Problem to work on |
Using the records below, write out again exactly the lines that begin at the line containing "Bard LH-0029 SafeStep" and end at the line containing "La mandataria, acompañada", and no other lines.

Given information |

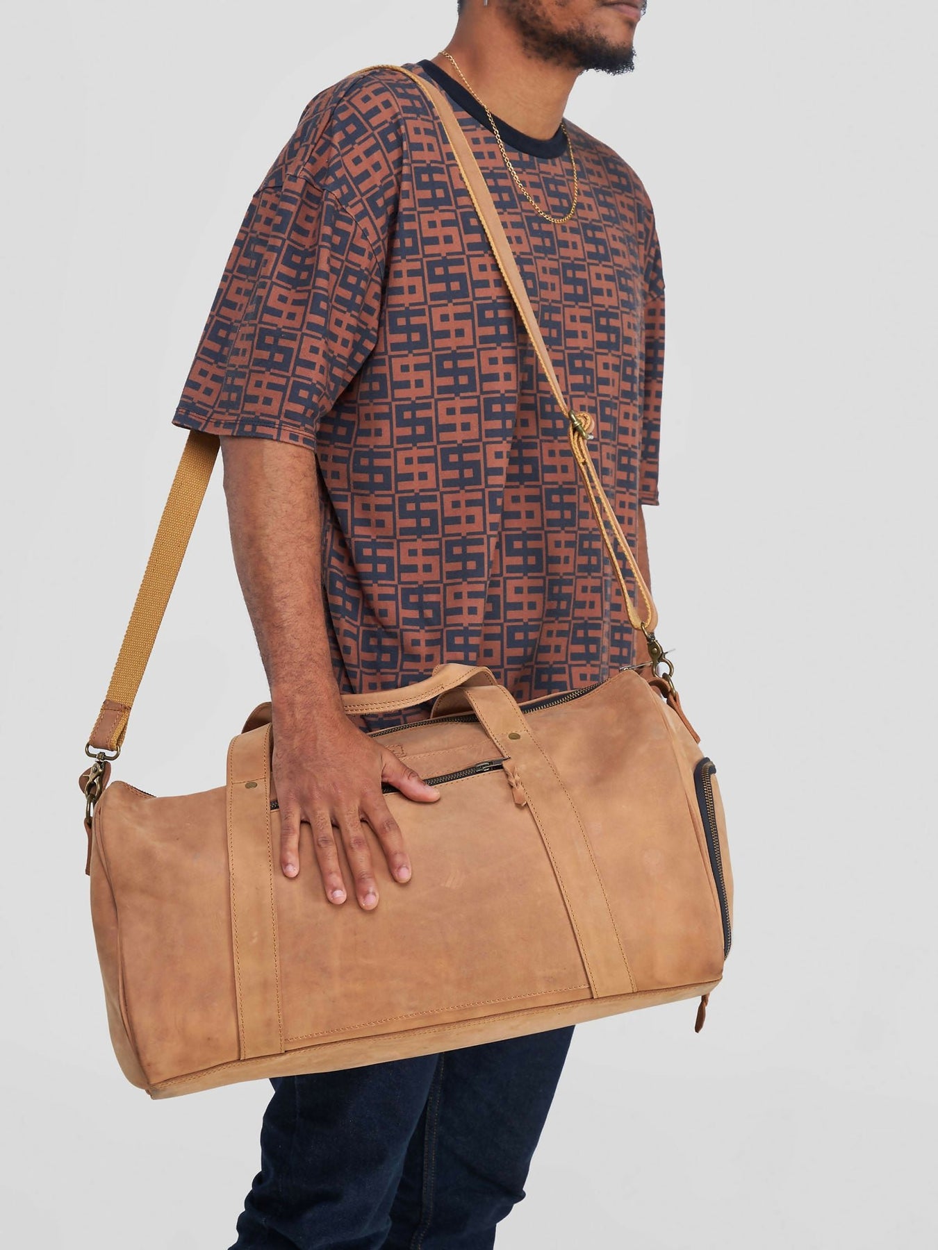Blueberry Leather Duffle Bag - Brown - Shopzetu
...
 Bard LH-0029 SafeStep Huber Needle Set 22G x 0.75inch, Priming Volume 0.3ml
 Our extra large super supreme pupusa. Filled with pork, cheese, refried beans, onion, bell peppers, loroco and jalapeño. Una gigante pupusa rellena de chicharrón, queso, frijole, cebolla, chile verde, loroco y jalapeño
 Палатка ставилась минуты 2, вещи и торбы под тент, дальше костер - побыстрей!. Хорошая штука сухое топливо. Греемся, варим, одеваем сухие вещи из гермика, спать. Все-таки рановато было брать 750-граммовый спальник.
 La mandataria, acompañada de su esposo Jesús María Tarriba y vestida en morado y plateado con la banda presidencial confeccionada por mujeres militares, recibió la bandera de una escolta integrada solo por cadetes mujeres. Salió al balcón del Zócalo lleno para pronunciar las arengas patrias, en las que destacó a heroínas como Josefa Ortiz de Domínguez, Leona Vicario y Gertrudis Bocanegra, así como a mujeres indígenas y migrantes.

Solved exercise |
 Bard LH-0029 SafeStep Huber Needle Set 22G x 0.75inch, Priming Volume 0.3ml
 Our extra large super supreme pupusa. Filled with pork, cheese, refried beans, onion, bell peppers, loroco and jalapeño. Una gigante pupusa rellena de chicharrón, queso, frijole, cebolla, chile verde, loroco y jalapeño
 Палатка ставилась минуты 2, вещи и торбы под тент, дальше костер - побыстрей!. Хорошая штука сухое топливо. Греемся, варим, одеваем сухие вещи из гермика, спать. Все-таки рановато было брать 750-граммовый спальник.
 La mandataria, acompañada de su esposo Jesús María Tarriba y vestida en morado y plateado con la banda presidencial confeccionada por mujeres militares, recibió la bandera de una escolta integrada solo por cadetes mujeres. Salió al balcón del Zócalo lleno para pronunciar las arengas patrias, en las que destacó a heroínas como Josefa Ortiz de Domínguez, Leona Vicario y Gertrudis Bocanegra, así como a mujeres indígenas y migrantes.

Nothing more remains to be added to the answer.